Within the first fifteen minutes of the film I found myself watching a horrific, graphic, violent rape scene. It was like watching a train wreck the way I couldn’t look away. When the scene was over and I became aware of what I’d just seen and that I felt a full-body nausea, I turned the film off. Period. I returned it to the library as quickly as I could, in some desperate attempt to get the thing out of my house (out of my mind). But my mind reverted to it frequently thereafter, painfully, like a nightmare that you just can’t shake in the morning.

How does employing and exhibiting graphic violence against women in film, aka entertainment, do anything but perpetuate graphic violence against women?

Even the idea of an author glorifying such violence while claiming to oppose it, seems suspect. But reading is not watching. Reading is a particular kind of imaginative experience.
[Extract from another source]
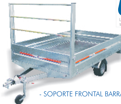
- SOPORTE FRONTAL BARRAS

But for the filmmakers choices could be made–can be made– about how to include delicate material and the choice in this case was to lavish in the gruesome cruelty of rape and violence.

We as a culture condone this. We condone it and allow it by buying the tickets to the movies, by not thinking twice about what we’ve seen, by not voicing our opposition. Culturally we find it morally unacceptable to include depictions of molestation or rape of children, or necrophilia. These things may be alluded to or danced around but they are not depicted.
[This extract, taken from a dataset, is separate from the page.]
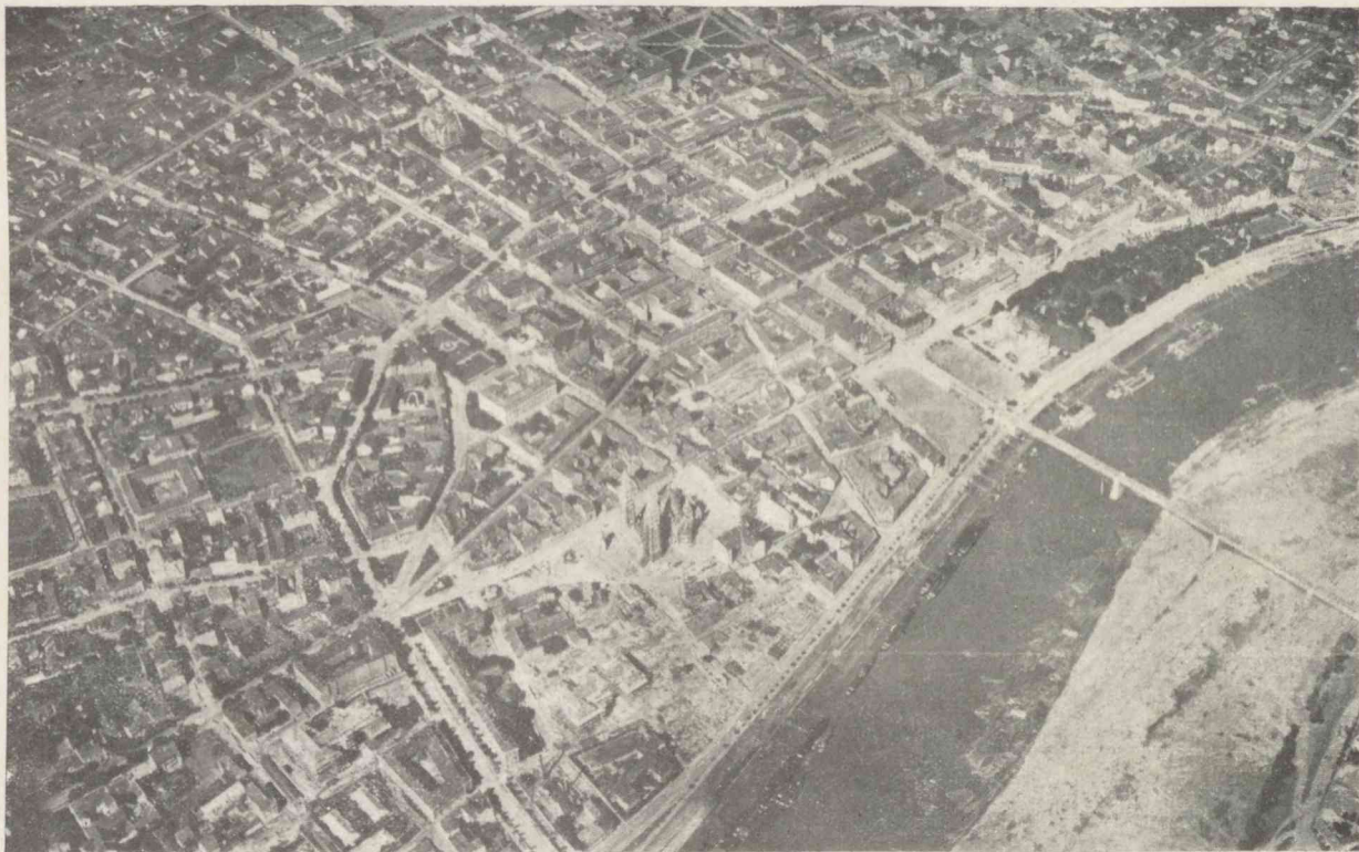
Szeged belvárosa, légi felvétel 2000 méter magasságból.

Az egyetemi Földrajzi Intézet kezdeményezésére készítette a Magy. kir. Állami Térképészet fotogrametriai osztálya.

So why is it that we sanction violence against women?

I was discussing this with my sister-in-law and she mentioned a segment of a bell hooks documentary, Cultural Criticism and Transformation, where hooks is discussing the brutal murder of Nicole Simpson and the subsequent OJ Simpson trial. hooks brings up the concept of “the spectacle” from Guy Debord’s Society of the Spectacle (that I had recently begun reading, and there will be much more on that later), wondering how she could watch the trial and the turning of the real-life murder into bright and shiny media hype or race issue or a class issue or something for people to discuss over their pedicures, without feeling that she was “colluding” in the violence done against this woman, Nicole Simpson.

hooks was asked on Good Morning America to give her response to the trial and all she said was this:

“The only thing I really know about the OJ Simpson case, is that it began and ended with male violence.”

In the short video segment hooks makes a very insightful, eloquently-stated argument. I invite you to watch it.


If we as a society want to live in a present and move into a future where our daughters and neighbors are safe and respected– where human life is sacred and honored–how can we continue to condone the constant advocation of violence against women in our entertainment? We pay for those movie tickets and DVD rentals. We sit around watching those channels. And when these despicable human atrocities are depicted, do we say a word against them? Do we stand up for ourselves and the world we want to live in? Or do we shrug and say, “Well, that’s just how it is.” It is this way because we allow it to be.

There is no benign depiction of violence. Wherever and whenever violence exists at all, it is feeding on itself out in the world, through us. Only we have the power to change that.